Four glasses on a rotating table
There is a square table whose top can rotate. A glass is placed at each corner.
Your eyes are covered. Someone spins the table at random. When it stops, you may reach out with both hands and choose two glasses at once, feel whether each is upright or upside down, and then flip any subset of the two you touched (none, one, or both). After you finish, the table is spun again; you may choose and operate again, and so on.
A bell rings when all four glasses match—either all upright or all upside down.
Design a strategy that succeeds in finitely many rounds, using as few rounds as possible in the worst case. How many rounds does your strategy guarantee?

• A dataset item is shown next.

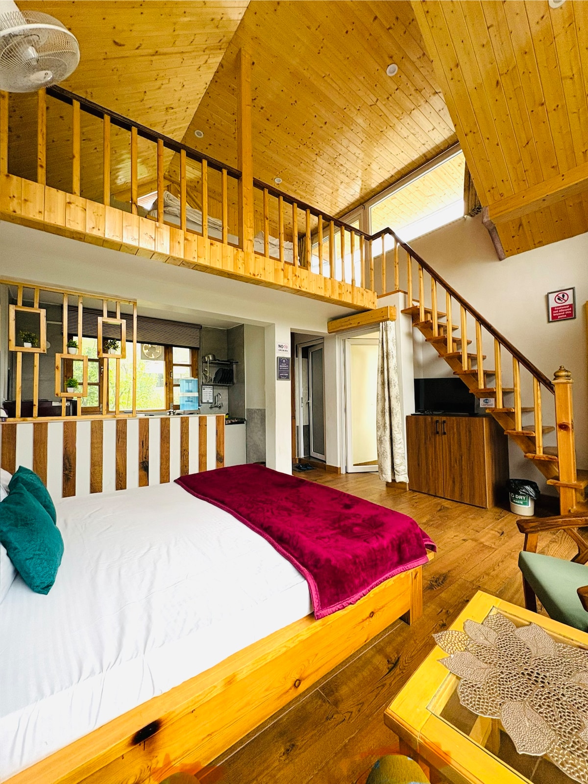 Have fun with the whole family at this stylish place. You will have spacious and Luxury Duplex chalet suitable for one couple or a family of four guests. ★ Master bedroom & attic ★ Wooden & Stone Architecture ★ Panoramic Valley view ★ Nearby Paragliding site ★ Bathtub ★ Power backup ★ WiFi ★ Indoor Fireplace ★ in-house food service ★ Garden & Bonfire area Please note : - Breakfast, Meals, Room heaters, Firewood, & all other services are exclusive of stay price here

Only three initial types matter (0 = upside down, 1 = upright):
Type ①
0 1
1 0
Type ②
0 0
1 1
Type ③
0 0
0 1
Round 1: Flip any diagonal pair. Type ① succeeds immediately; otherwise you get:
② → 1 0 / 1 0, or ③ → 1 0 / 0 0.
Round 2: Flip any adjacent pair. Type ② may succeed; otherwise → ② as 0 1 / 1 0 or ③ as 0 0 / 1 0.
Round 3: Flip any diagonal. Type ② succeeds; otherwise → ③ as 0 1 / 0 0.
If still not done after three rounds, the state must be that ③ pattern.
Round 4: Flip any single glass. Sometimes succeeds; otherwise → ① as 1 1 / 0 0 or ② as 0 1 / 1 0.
Round 5: Flip any diagonal. Type ② succeeds; otherwise only ① as 1 0 / 1 0 remains. Then repeat alternating adjacent and diagonal flips.
So five rounds suffice in the worst case.